There is now a site which provides a lifetime guarantee on all content they store. when you upload your content is mirrored on two servers in separate locations, then daily backed up onto tape and stored in a 200ft granite vault in the Rockies. Site is owned by a fortune 500 company so worth checking out. Here is a link www.qvteam.myphotomax.com.
Saves you time and disappointment - I swear by it now.

Hope this helps
Cheers
Quinton


----------



## Wolff (Nov 16, 2006)

I copy my photos onto an external hard drive and then burn two cd's, one for my house and one to keep at work (incase my house burns down or something).


----------



## fmw (Nov 17, 2006)

Hard drives do fail.  Every one at some point in time.  No exceptions.  I back up to DVD RW.  I make two copies onto two separate discs.

My business files are backed up to three different hard drives on my network.  I'm comfortable with that.  My business files only really need to be available for a year.  Then they turn to paper.  The paper is discarded after 7 years.  

I would be comfortable with that for my images as well except I see the DVD RW as being more archival than hard drives - if you can consider digital to be archival at all.


----------



## bitteraspects (Nov 17, 2006)

i delete most of my stuff. i have a bad habit of not keeping files. the ones i really like i save to my box till i have enough to make a disk.


----------



## Alex_B (Nov 17, 2006)

> directly storage them in computer?



yes, the most recent images are always stored on one of my two internal disks.



> copy them at CD/DVD?



would be too many DVDs And... CDs and DVDs can (and at some point will) fail, they are not 100% safe as they age!
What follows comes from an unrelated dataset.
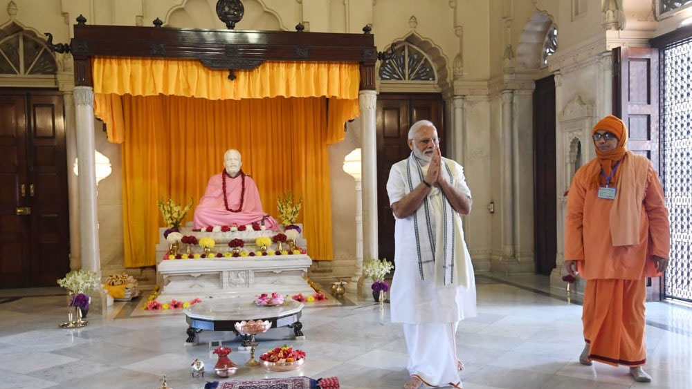 রামকৃষ্ণ মন্দিরে মোদী। নিজস্ব চিত্র।
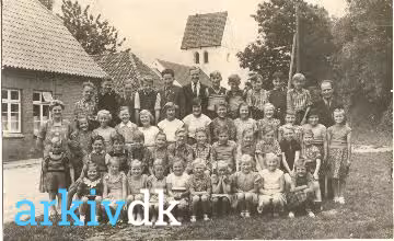 Lærer Rudolf Bak Olesen og lærer Anna Christensen med eleverne foran skolen. I baggrunden Grønning kirke |

> backup them at your SD Card?



Using CF cards in the camera ... but if I wanted to archive on SD or CF I would run out of money very quickly 



> or backup them at removeable hard drive?



yes!

ok, here in detail:

1. I have two internal disks with together 400 GByte .. those are to store the current images I still work with
2. Then there is one (small regarding physical size) external firewire/USB disk used as an archive (700GByte)
3. And there are currently 3 further external disks giving together 900 GByte used to backup for my external and internal drives. Two of those drives are full now and stored at a place 150 miles away 

So currently I have about 600 GByte of images, I would not want to burn those on DVD ... too mcuh work 

Also I think harddrives are a rather safe option if you include a backup. If the backup disks have a different age and are from a different maker, the probability of your backup AND your primary storage failing at the same time is very very low. Of course you have to replace the harddrives before they come of age and become more prone to failure.
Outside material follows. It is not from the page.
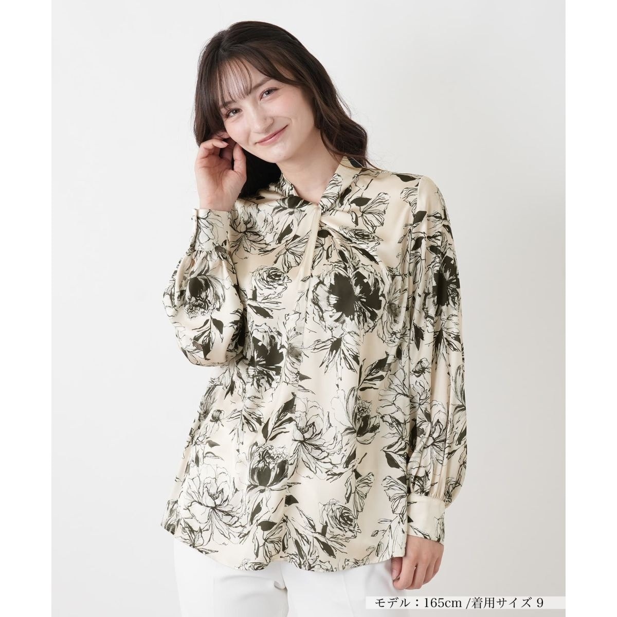 手描きライクなボタニカル柄が、大人のエレガンスを際立たせるプリントブラウスです。フロントにあしらわれたボウタイ風のドレープが顔周りに華やかさと立体的な美しさを添えます。さらりとした軽やかな素材感は初夏の爽やかなスタイリングにぴったり。バックスタイルのファスナーやカフスボタンなど、細部までこだわりを感じる仕立ても相俟ってワンランク上の女性らしさを演出します。一枚でコーディネートの主役になれる上品で都会的なアイテムです。

The good thing is, that what fits on 3 harddrives today will probably fit on one harddrive in 2 years time or so. I've been practicing this hard drive archival thing for many years now, starting with what I thought at that time a tremendous quantity of data and today the data from those early times is hidden in a tiny corner of my smallest harddrive. Never lost any data for 7 years now even though I started the additional backup thing just 3 months ago.

I know of at least one case where a photographer could not serve a client with a print of an old file since he could just not read the file from that old CD anymore. This fear of data loss , plus the fact I would need 1000 CDs or well over 100 DVDs for my just my current data keeps me from using CD/DVD for archival. my current archive including the backup fits into a medium sized shoebox (well, alltogether 6 harddrives).


----------



## Alex_B (Nov 17, 2006)

fmw said:
			
		

> I would be comfortable with that for my images as well except I see the DVD RW as being more archival than hard drives - if you can consider digital to be archival at all.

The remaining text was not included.